Recorded information:
--------------------

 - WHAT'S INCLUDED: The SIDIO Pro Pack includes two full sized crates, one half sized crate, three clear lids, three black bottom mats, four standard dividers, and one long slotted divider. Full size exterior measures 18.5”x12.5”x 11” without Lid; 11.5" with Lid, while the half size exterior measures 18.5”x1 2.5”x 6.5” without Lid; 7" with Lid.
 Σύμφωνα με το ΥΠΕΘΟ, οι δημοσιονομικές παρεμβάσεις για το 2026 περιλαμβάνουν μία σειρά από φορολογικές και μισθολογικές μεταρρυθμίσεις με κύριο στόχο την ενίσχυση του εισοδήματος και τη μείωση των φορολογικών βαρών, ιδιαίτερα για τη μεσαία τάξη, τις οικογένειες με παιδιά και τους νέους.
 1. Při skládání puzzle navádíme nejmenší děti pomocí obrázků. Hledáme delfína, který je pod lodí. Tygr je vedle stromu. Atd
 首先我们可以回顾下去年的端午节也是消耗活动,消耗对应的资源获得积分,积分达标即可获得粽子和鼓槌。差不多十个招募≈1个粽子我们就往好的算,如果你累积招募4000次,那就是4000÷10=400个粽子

--------------------

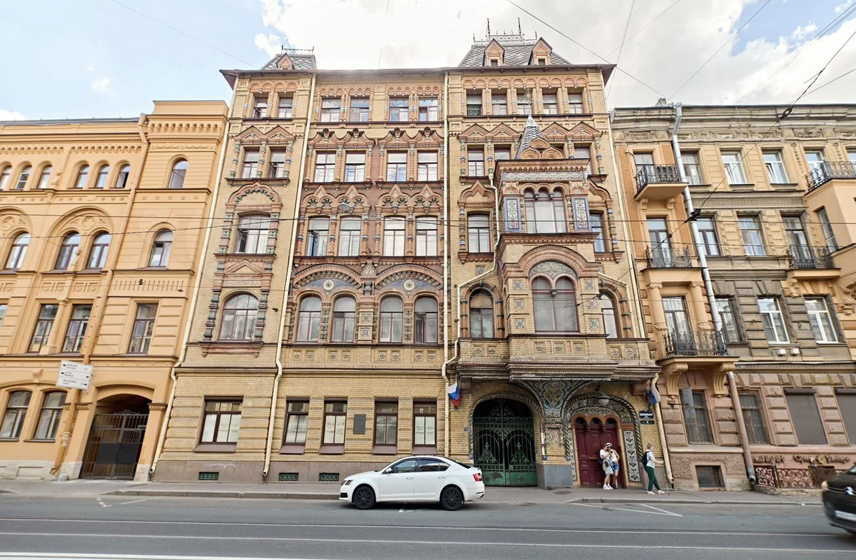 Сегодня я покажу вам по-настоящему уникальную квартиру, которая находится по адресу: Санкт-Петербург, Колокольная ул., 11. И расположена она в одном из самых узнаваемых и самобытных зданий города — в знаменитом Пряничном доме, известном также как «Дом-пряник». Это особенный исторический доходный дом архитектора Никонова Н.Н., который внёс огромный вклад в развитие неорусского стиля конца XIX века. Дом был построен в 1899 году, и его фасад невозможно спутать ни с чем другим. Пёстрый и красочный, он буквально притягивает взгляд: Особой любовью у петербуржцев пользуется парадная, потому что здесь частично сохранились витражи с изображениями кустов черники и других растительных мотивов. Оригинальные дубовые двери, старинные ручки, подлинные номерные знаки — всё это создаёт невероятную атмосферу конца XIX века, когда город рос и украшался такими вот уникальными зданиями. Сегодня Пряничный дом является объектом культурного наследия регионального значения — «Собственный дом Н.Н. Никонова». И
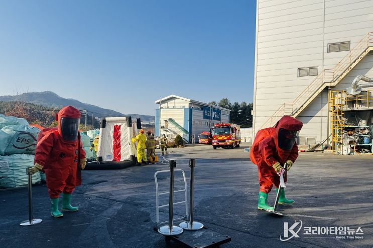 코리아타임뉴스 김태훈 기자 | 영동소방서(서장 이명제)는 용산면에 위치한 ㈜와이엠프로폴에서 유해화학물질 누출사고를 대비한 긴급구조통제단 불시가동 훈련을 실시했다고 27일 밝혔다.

--------------------

Task to complete: Return, with no change at all, every line in the entries above from the line containing "- WHAT'S INCLUDED: The" through the line containing "首先我们可以回顾下去年的端午".

Result of the task:
 - WHAT'S INCLUDED: The SIDIO Pro Pack includes two full sized crates, one half sized crate, three clear lids, three black bottom mats, four standard dividers, and one long slotted divider. Full size exterior measures 18.5”x12.5”x 11” without Lid; 11.5" with Lid, while the half size exterior measures 18.5”x1 2.5”x 6.5” without Lid; 7" with Lid.
 Σύμφωνα με το ΥΠΕΘΟ, οι δημοσιονομικές παρεμβάσεις για το 2026 περιλαμβάνουν μία σειρά από φορολογικές και μισθολογικές μεταρρυθμίσεις με κύριο στόχο την ενίσχυση του εισοδήματος και τη μείωση των φορολογικών βαρών, ιδιαίτερα για τη μεσαία τάξη, τις οικογένειες με παιδιά και τους νέους.
 1. Při skládání puzzle navádíme nejmenší děti pomocí obrázků. Hledáme delfína, který je pod lodí. Tygr je vedle stromu. Atd
 首先我们可以回顾下去年的端午节也是消耗活动,消耗对应的资源获得积分,积分达标即可获得粽子和鼓槌。差不多十个招募≈1个粽子我们就往好的算,如果你累积招募4000次,那就是4000÷10=400个粽子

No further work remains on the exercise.